Chancellor Rishi Sunak’s high-spending Budget will leave millions of Britons worse off, according to new forecasts.
The Chancellor has unveiled £150bn of spending that will raise taxes to their highest level as a share of GDP since 1951. Estimates of higher inflation, stagnating pay and rising mortgage payments show the impact this will have on household finances. Here are five charts that show the Budget’s squeeze on Britons.
Rising inflation means household incomes will not stretch as far. In its central forecast, the Office for Budget Responsibility has estimated inflation will rise to 4.4pc next year, driven by supply chain disruptions and record-high energy prices.

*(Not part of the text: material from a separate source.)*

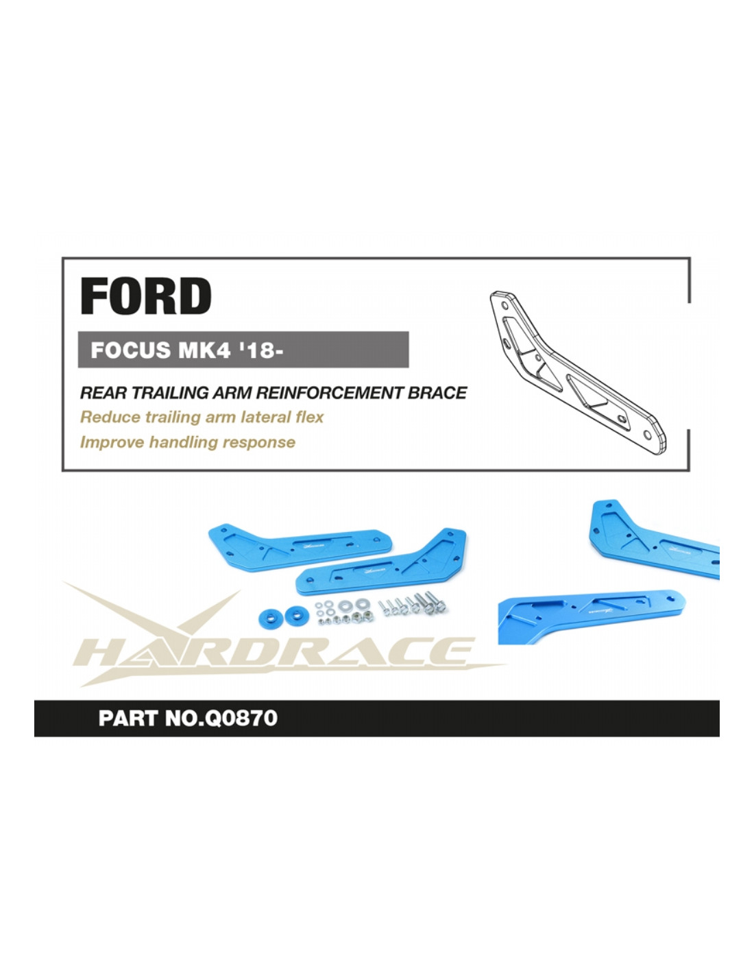 Barra rinforzo Hardrace per Ford Focus. Ideale per migliorare la precisione di guida, la stabilità dell'assetto e la risposta dello sterzo. Caratteristiche dal produttore : - For multi-link rear axle 2 PCS/SET

However, the cost of living could rise even more sharply. The OBR modelled two starker scenarios, where inflationary pressures built as a result of either a continued climb in the cost of energy and other utilities, or higher wages. In both cases inflation, measured according to the consumer price index, would surge to 5.4pc, its highest level since March 1992.
That would eat into the value of household savings pots, as no conventional savings accounts offer interest rates that match inflation even at its current level of 3.1pc. The highest paying easy-access account, from the Family Building Society, pays 0.65pc, while even the best five-year fixed-rate bond pays just 2.05pc.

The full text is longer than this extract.